ICML2025
Concurrent Reinforcement Learning with Aggregated States via Randomized Least Squares Value Iteration
Yan Chen, Qinxun Bai, Yiteng Zhang, Maria Dimakopoulou, Shi Dong, Qi Sun, Zhengyuan Zhou
摘要
Designing learning agents that explore efficiently in a complex environment has been widely recognized as a fundamental challenge in reinforcement learning. While a number of works have demonstrated the effectiveness of techniques based on randomized value functions on a single agent, it remains unclear, from a theoretical point of view, whether injecting randomization can help a society of agents concurently explore an environment. The theoretical results established in this work tender an affirmative answer to this question.

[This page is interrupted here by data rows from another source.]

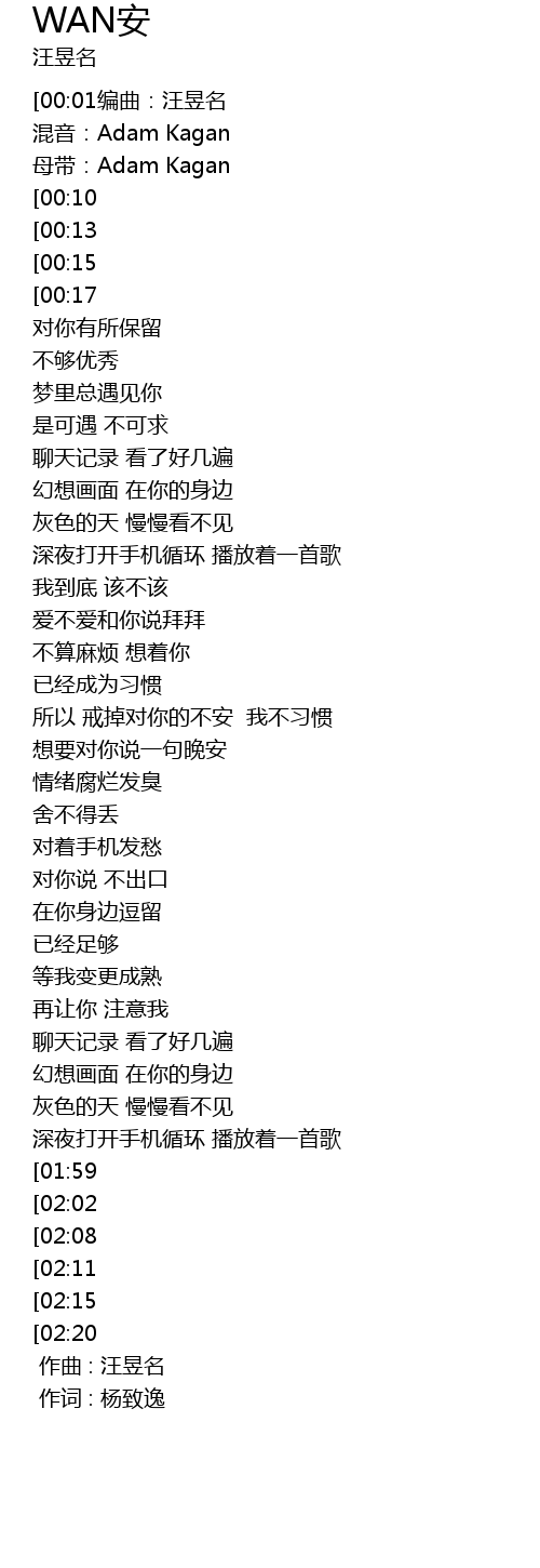 | [00:01编曲:汪昱名 | |
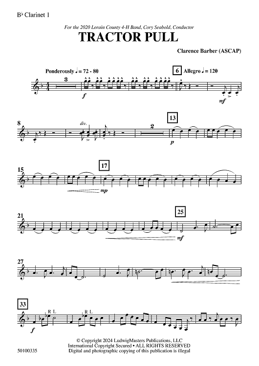 "Tractor Pull - Bb Clarinet 1" Sheet Music by Clarence Barber
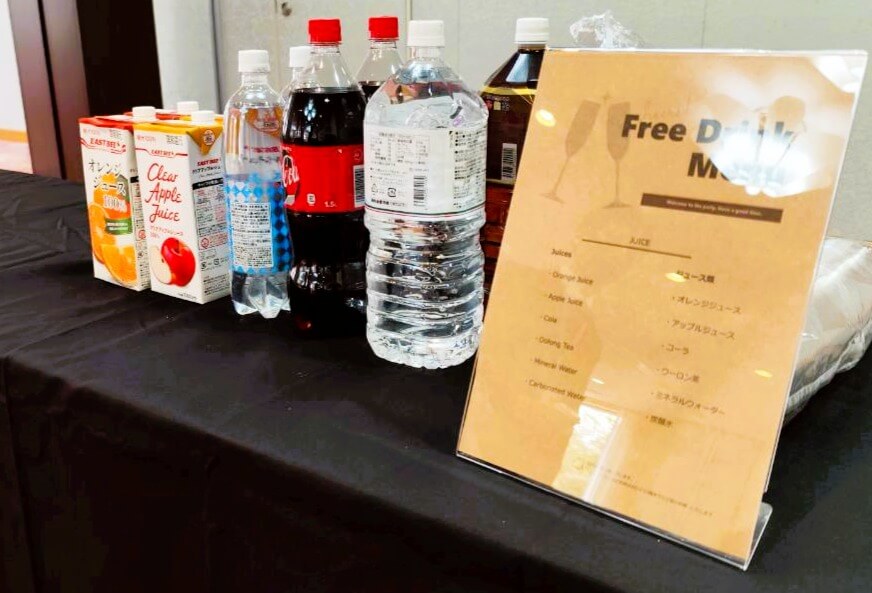 オレンジジュースやアップルジュース、コーラといったソフトドリンクから、ウーロン茶やミネラルウォーターまで幅広くご利用いただけるよう工夫しております。
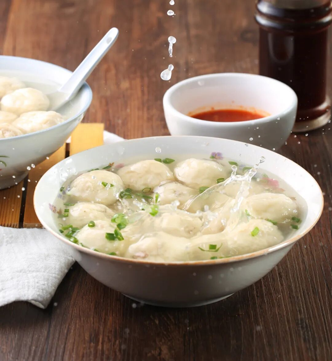 衢州龙游的豆腐丸子,吃的就是一个“鲜”字。它不是揉出来的,是在碗里“滚”出来的。把一小团肉馅放在雪白的豆腐里,在粉筛上不停摇晃,滚成圆滚滚的丸子,再下锅煮。豆腐嫩得入口即化,里面的肉丸紧实弹牙。
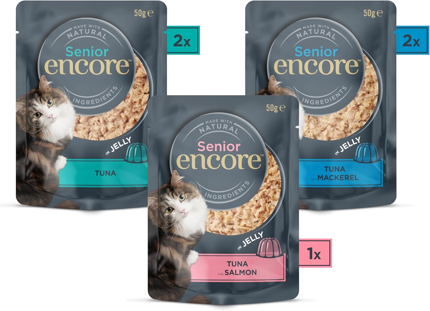 Encore Natural Wet Senior Cat Food, Tuna With Fish Multipack Selection In Jelly 50G Pouch (5X50G)
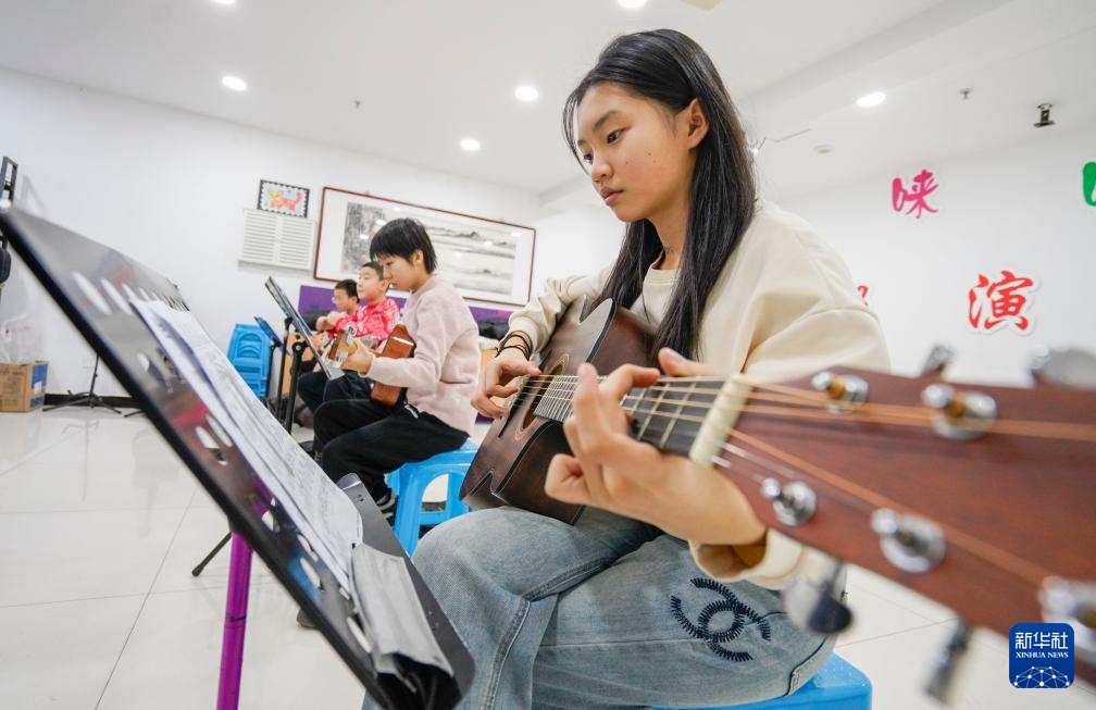 1月23日,學生在河北省遵化市一家培訓機構學習彈奏吉他。

We adapt the concurrent learning framework to randomized least-squares value iteration (RLSVI) with aggregated state representation. We demonstrate polynomial worst-case regret bounds in both finite-and infinite-horizon environments. In both setups the per-agent regret decreases at an optimal rate of Θ 1 √ N , highlighting the advantage of concurent learning. Our algorithm exhibits significantly lower space complexity compared to (Russo, 2019) and (Agrawal et al., 2021) . We reduce the space complexity by a factor of K while incurring only a √ K increase in the worstcase regret bound, compared to (Agrawal et al., 2021; Russo, 2019) . Interestingly, our algorithm improves the worst-case regret bound of (Russo, 2019) by a factor of H 1/2 , matching the improvement in (Agrawal et al., 2021) . However, this result is achieved through a fundamentally different algorithmic enhancement and proof technique. Additionally, we conduct numerical experiments to demonstrate our theoretical findings.